Work to complete:
Among the entries below, one line contains "Zvláštní ruční pila" and another contains "式中負號表示反電動勢eL的極". Transcribe those two lines and every line between them, exactly.

Data provided:
|---|

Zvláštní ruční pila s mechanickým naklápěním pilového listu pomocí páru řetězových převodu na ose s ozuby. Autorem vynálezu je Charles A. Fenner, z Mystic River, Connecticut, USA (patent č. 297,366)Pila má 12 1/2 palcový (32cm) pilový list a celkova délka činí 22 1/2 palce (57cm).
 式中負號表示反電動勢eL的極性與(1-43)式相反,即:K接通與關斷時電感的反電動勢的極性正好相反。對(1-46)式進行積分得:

|---|

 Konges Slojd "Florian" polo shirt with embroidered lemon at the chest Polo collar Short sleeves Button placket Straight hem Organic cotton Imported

|---|

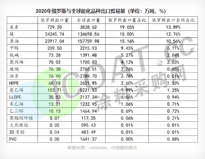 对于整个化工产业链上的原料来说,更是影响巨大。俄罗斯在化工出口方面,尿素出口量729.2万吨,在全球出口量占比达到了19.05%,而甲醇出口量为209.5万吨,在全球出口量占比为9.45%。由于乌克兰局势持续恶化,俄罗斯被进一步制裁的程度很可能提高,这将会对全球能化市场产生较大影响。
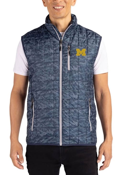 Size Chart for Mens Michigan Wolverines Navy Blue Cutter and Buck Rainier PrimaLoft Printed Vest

|---|

Exercise answer:
Zvláštní ruční pila s mechanickým naklápěním pilového listu pomocí páru řetězových převodu na ose s ozuby. Autorem vynálezu je Charles A. Fenner, z Mystic River, Connecticut, USA (patent č. 297,366)Pila má 12 1/2 palcový (32cm) pilový list a celkova délka činí 22 1/2 palce (57cm).
 式中負號表示反電動勢eL的極性與(1-43)式相反,即:K接通與關斷時電感的反電動勢的極性正好相反。對(1-46)式進行積分得:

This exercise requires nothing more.